**What you are asked to do**
After locating the line with "Η πρεμιέρα του" in the data that follows, return it and every later line exactly, up to and including the line with "Àåºñ 2´ë¸¦ Àü´ÞÇß´Ù.".

**Stored data**
# # # # #

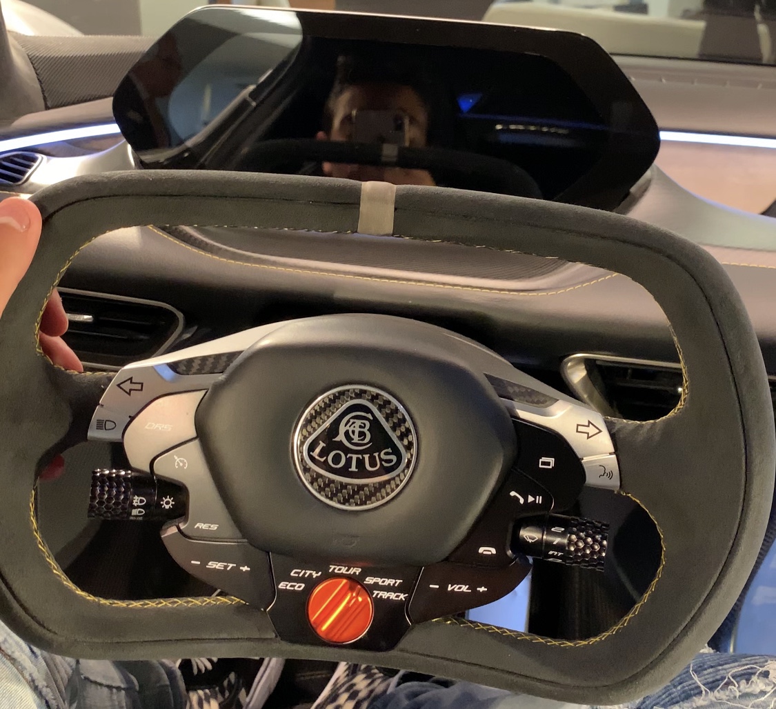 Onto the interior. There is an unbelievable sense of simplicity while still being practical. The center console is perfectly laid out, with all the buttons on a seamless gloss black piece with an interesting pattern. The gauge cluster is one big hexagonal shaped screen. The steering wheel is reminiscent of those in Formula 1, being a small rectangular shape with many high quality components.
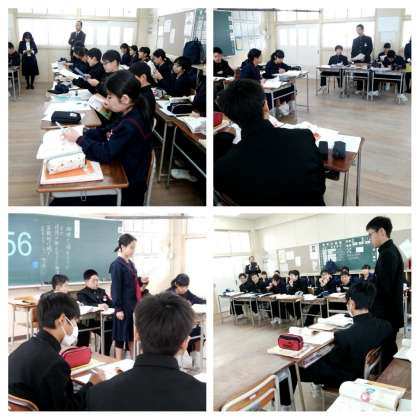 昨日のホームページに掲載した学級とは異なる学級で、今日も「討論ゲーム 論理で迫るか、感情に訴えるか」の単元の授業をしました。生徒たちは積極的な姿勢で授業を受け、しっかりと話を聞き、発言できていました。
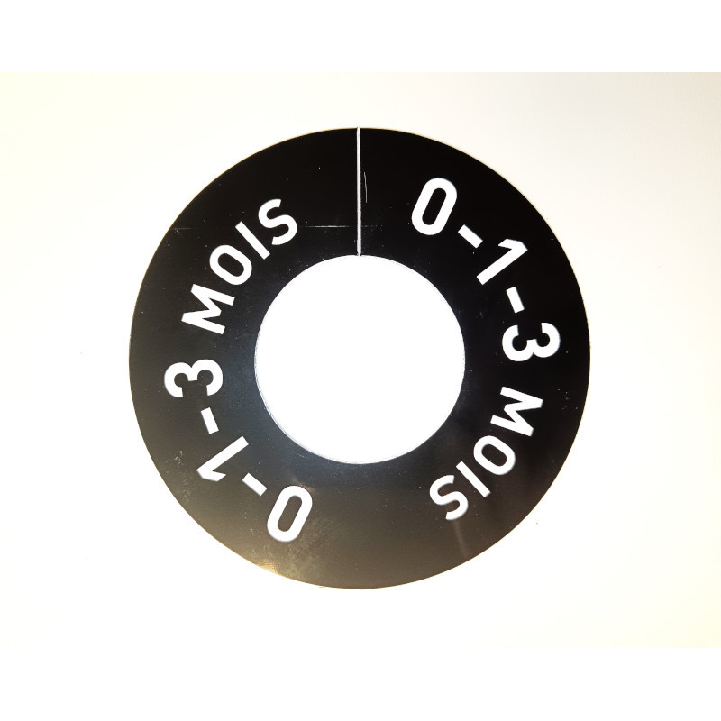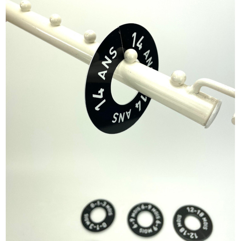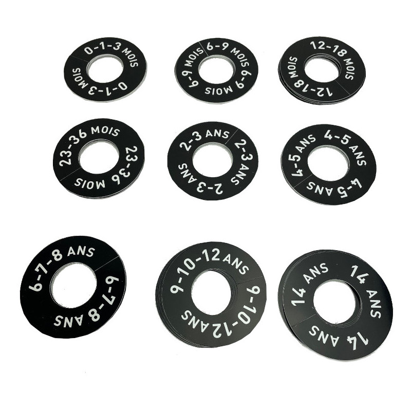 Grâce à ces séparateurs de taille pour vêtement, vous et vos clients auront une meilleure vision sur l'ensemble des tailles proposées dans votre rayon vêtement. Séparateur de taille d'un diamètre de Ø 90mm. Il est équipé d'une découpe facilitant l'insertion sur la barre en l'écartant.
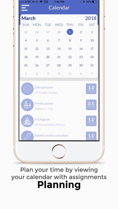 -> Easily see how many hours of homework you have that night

# # # # #

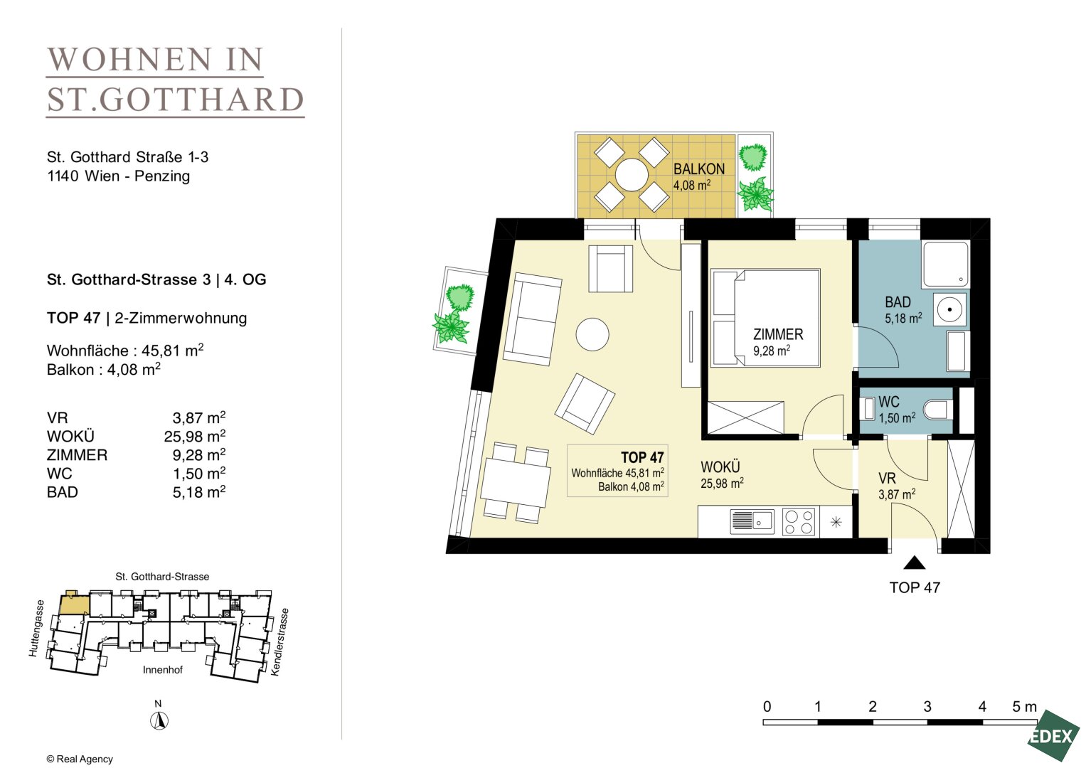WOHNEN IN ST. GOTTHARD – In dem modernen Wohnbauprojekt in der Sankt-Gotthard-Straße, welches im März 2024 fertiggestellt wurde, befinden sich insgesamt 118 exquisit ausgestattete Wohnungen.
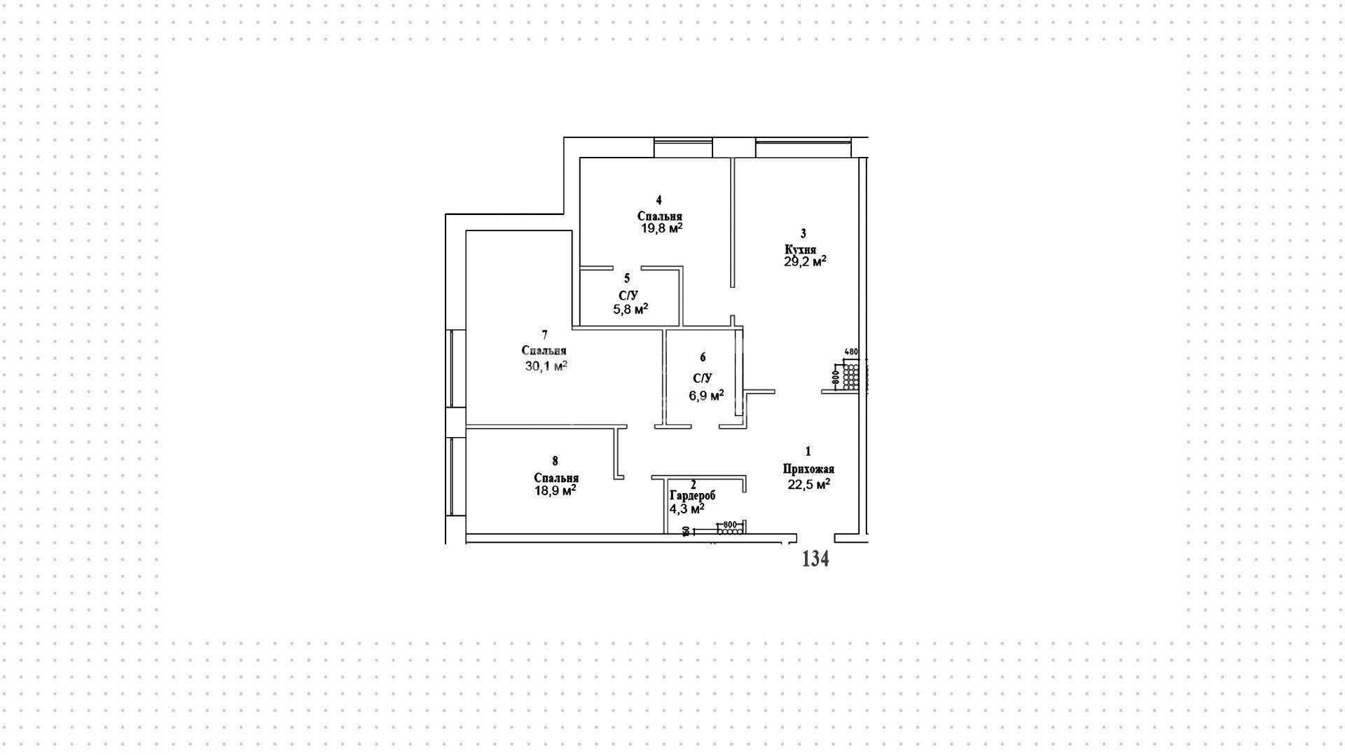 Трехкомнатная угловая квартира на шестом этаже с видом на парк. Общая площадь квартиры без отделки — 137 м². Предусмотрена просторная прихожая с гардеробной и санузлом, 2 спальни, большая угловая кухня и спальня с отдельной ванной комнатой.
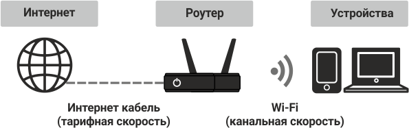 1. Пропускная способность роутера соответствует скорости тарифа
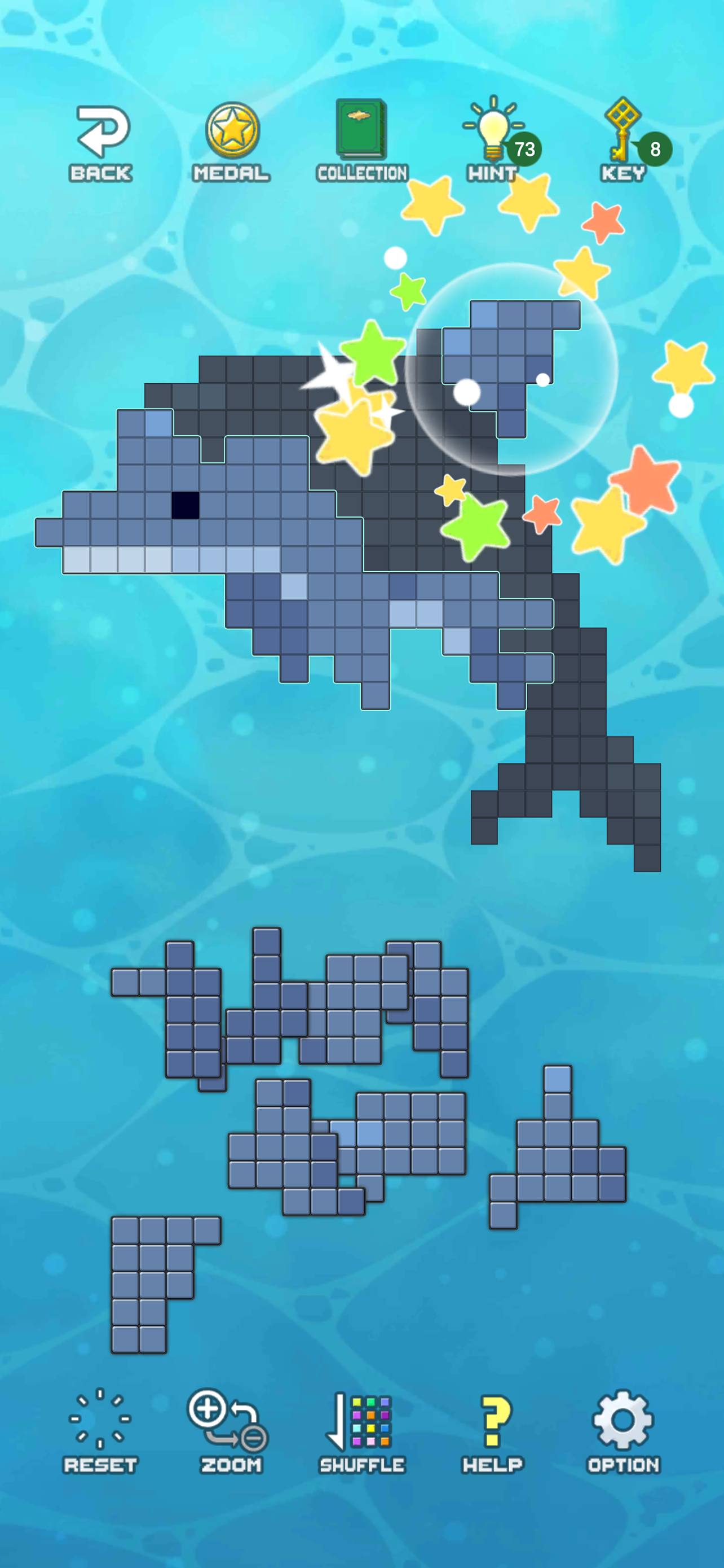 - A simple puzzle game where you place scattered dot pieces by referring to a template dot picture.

# # # # #

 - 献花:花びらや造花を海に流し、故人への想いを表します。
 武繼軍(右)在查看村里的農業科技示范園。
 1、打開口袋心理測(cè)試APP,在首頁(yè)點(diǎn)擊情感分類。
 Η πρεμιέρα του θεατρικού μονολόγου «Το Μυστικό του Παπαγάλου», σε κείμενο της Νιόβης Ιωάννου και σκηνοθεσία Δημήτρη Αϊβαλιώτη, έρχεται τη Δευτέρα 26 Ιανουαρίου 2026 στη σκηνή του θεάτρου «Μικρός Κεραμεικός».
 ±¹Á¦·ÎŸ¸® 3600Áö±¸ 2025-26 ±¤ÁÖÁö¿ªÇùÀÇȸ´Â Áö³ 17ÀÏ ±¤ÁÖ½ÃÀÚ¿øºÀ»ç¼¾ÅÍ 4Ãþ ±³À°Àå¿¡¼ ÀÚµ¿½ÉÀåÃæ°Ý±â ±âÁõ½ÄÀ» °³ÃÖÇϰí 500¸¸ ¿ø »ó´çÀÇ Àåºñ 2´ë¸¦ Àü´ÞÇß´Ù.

# # # # #

**Answer box**
 Η πρεμιέρα του θεατρικού μονολόγου «Το Μυστικό του Παπαγάλου», σε κείμενο της Νιόβης Ιωάννου και σκηνοθεσία Δημήτρη Αϊβαλιώτη, έρχεται τη Δευτέρα 26 Ιανουαρίου 2026 στη σκηνή του θεάτρου «Μικρός Κεραμεικός».
 ±¹Á¦·ÎŸ¸® 3600Áö±¸ 2025-26 ±¤ÁÖÁö¿ªÇùÀÇȸ´Â Áö³ 17ÀÏ ±¤ÁÖ½ÃÀÚ¿øºÀ»ç¼¾ÅÍ 4Ãþ ±³À°Àå¿¡¼ ÀÚµ¿½ÉÀåÃæ°Ý±â ±âÁõ½ÄÀ» °³ÃÖÇϰí 500¸¸ ¿ø »ó´çÀÇ Àåºñ 2´ë¸¦ Àü´ÞÇß´Ù.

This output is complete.